Onn Kee Restaurant’s chicken rice is the least famous of the two, but equally as good. I thoroughly enjoyed my chicken rice with a cup of herbal tea. But if you do pass by Ipoh town at night, you may most probably be sucked into Lou Wong Restaurant rather than Onn Kee Restaurant, just because it is much bigger, brighter and crowded… which is usually good enough evidence.

  • Member Rating 4 out of 5 by MythMin on September 23, 2006
Pusing Public Seafood Restaurant
The real culprit in luring us to the hill city of Ipoh is the Pusing Public Seafood Restaurant! Yes… we took a 3 hour car ride from the wonderful capital of Kuala Lumpur (where nearly the best of everything can be found) just to have dinner in this specific restaurant. Don’t ask me why we did it… it was merely a recommendation from a friend who told us that the Pusing Public Seafood Restaurant (or better known to the locals as Mun Choong) whips up the best prawn dishes.

I have heard stories that the Pusing Public Seafood Restaurant is so popular among the locals in Ipoh that it is packed every night. Not only do families come again and again for its good food, but wedding, birthday and anniversary celebrations are held here on a regular basis. Though the food served at the restaurant is rather on the pricey side, it does not seem to deter the locals from dropping by.

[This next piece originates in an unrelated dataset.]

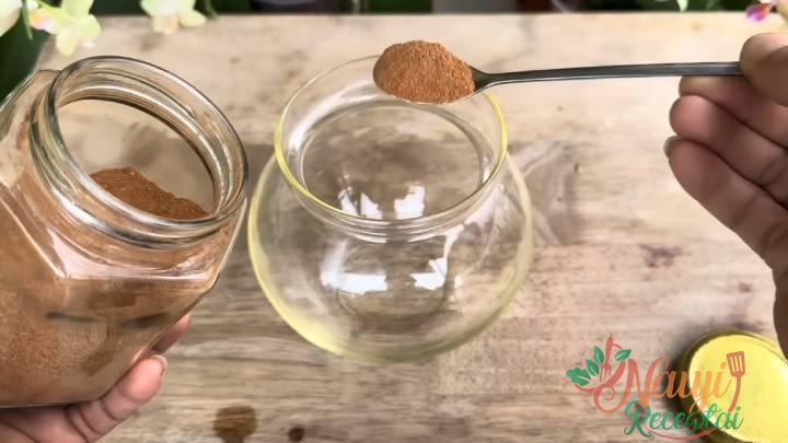 Kai cinamono užpilas atvės, paimkite 2 valgomuosius šaukštus bet kokių baltųjų ryžių ir užpilkite 1 litru kambario temperatūros vandens į atskirą indą. Kruopščiai nuplaukite ryžius šiame vandenyje. Nukoškite likusius cinamono užpilo miltelius per šluostę. Supilkite į jį ryžių vandenį (išimkite pačius ryžius – juos galima valgyti).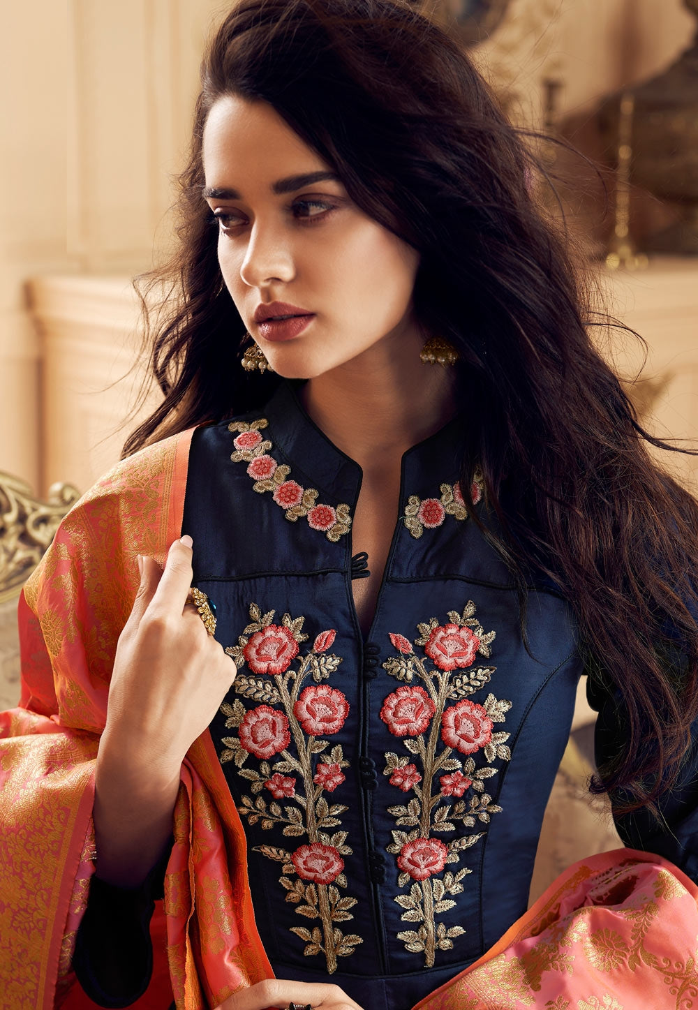 Blue And Orange Embroidered Satin Anarkali Suit is specifically designed to make you look perfect for wedding event or any festive occasions. This elegant set comprises a satin silk anarkali with neckline and yoke detailed with minimal traditional motifs of digital zari and thread embroidery paired with cotton bottom, crape lining and an extraordinary banarasi jacquard dupatta. Team this suit with golden heels and matching accessories to have a graceful look.

Our dinner reservations were booked for 6.30pm that night, with nearly 20 people in our group (yes, we drove all the way from Kuala Lumpur). We were lucky enough to get a private room all to ourselves, considering the fact that the restaurant was extremely crowded with people. I think there was some sort of celebration going on from the laughing and shouting from one end of the restaurant to the other.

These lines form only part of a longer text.